Author : Jae Miles, Staff Writer
It’s another tediously quiet evening in Watchpost 113 at the western edge of the Sonoran Borderlands. Fred is making waffles while Adey idly flicks through the long-distance views. Fred glances round as Adey jerks upright in his chair, paging back to the previous view.
“What is that?” Adey points at the screen.
Fred sighs, moves the waffle pan to the cool plate and steps across to peer over Adey’s shoulder.
“Extreme buggy race. Looks like they’re really goin’ for it.”
Adey shakes his head: “Seen that before. This is one rooster-tail, straight for three miles, headed for Bessamy Ridge.”
“The Ridge just been finished. Thirty-foot high ‘impregnamesh’ topped with sprung razor wire, set on damn great H-beams backed by buttresses that are bedded fifteen feet back from the line. Whatever that is, it’ll turn off. But I still say it’s some desert dragster.”
Fred goes back to the waffles. Adey watches the rooster-tail of dust approach. As it gets nearer, he can see just how big it is.
“Freddy, don’t think this is a dragster.”
With a loud sigh, Fred puts the pan back onto the cool plate and rejoins Adey.
Squinting at the screen, his eyes widen.
“Damn me, that tail’s gotta be over a hunnerd feet high! Ade, git some infrared on this.”

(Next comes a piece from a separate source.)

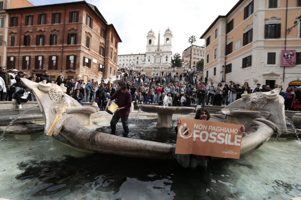 1일(현지시간) 미국 CNN 방송 등 주요 외신에 따르면 이날 이 단체는 스페인광장의 스페인계단 아래 있는 배 모양 분수인 '바르카치아 분수대'(이탈리아어로 '낡은 배'라는 뜻)에 검은색 액체를 쏟아 부었다. 이 단체가 트위터에 올린 영상을 보면 당시 단체 소속 남성 3명과 여성 1명이 분수대 안에 들어가 주머니에 든 검은 액체를 물에 풀자 이내 분수대 물은 검은색으로 변했다. 이 단체는 이 액체가 숯으로 만든 식물성 먹물이라고 밝혔다. 이들은 검게 물든 분수대 위에서 "화석연료를 사용하지 말자"라고 적힌 현수막을 펼쳐 보였다.

The screen switches to show an ambient temperature nightscape, except for the blazing heat at the front of the approaching dust storm. Fred puzzles over the heated upper section of the dust cloud before noticing that the rooster-tail is hiding several hot objects.
“Ade, get Phoenix on the line. This ain’t no dragster.”
Adey presses the button. The screech and hiss of active jamming fills the room.
Adey beats Fred to the door. He grabs the handle and the booby trap delivers a jolt that lifts him from his feet and stops his heart. He drops with a grunt. Fred screams and dives under the nearest table.
The intruder removes his trap. As he exits the building, there’s a distant rumble of impact. With a smile that flashes white teeth against the camouflage paste covering his face, he sprints to his trials bike and is gone into the desert, his countermeasures drone wheeling above.
At the heart of that rumble, a 60-ton monster hybrid of snowplough and armoured loco hit the border wall at eighty miles-an-hour. The prow drove through, its flared trailing edges flinging the debris away and widening the gap.
Behind the colossal ram comes a pack of vehicles that trace their ancestry back to moonshine runners. They spray grit and flame as tuned power plants accelerate four- and six-wheel-drives. As they clear the dust cloud, countermeasures drones rise above each vehicle. Each pair heads for a destination known only to the driver. Rotors whine, countermeasures hum, off-road suspensions flex, and absorptive paint reflects nothing as they disappear into the night.
In a cloud of smoke and steam, the ram turns and rockets back across the border, off to disappear into its underground shed before the inevitable rabid response occurs.
Along the great wall, this scene is repeated over a dozen times. By dawn, enforcement efforts at many of the breaches are being hindered by the hundreds of people streaming through the gaps – going in both directions.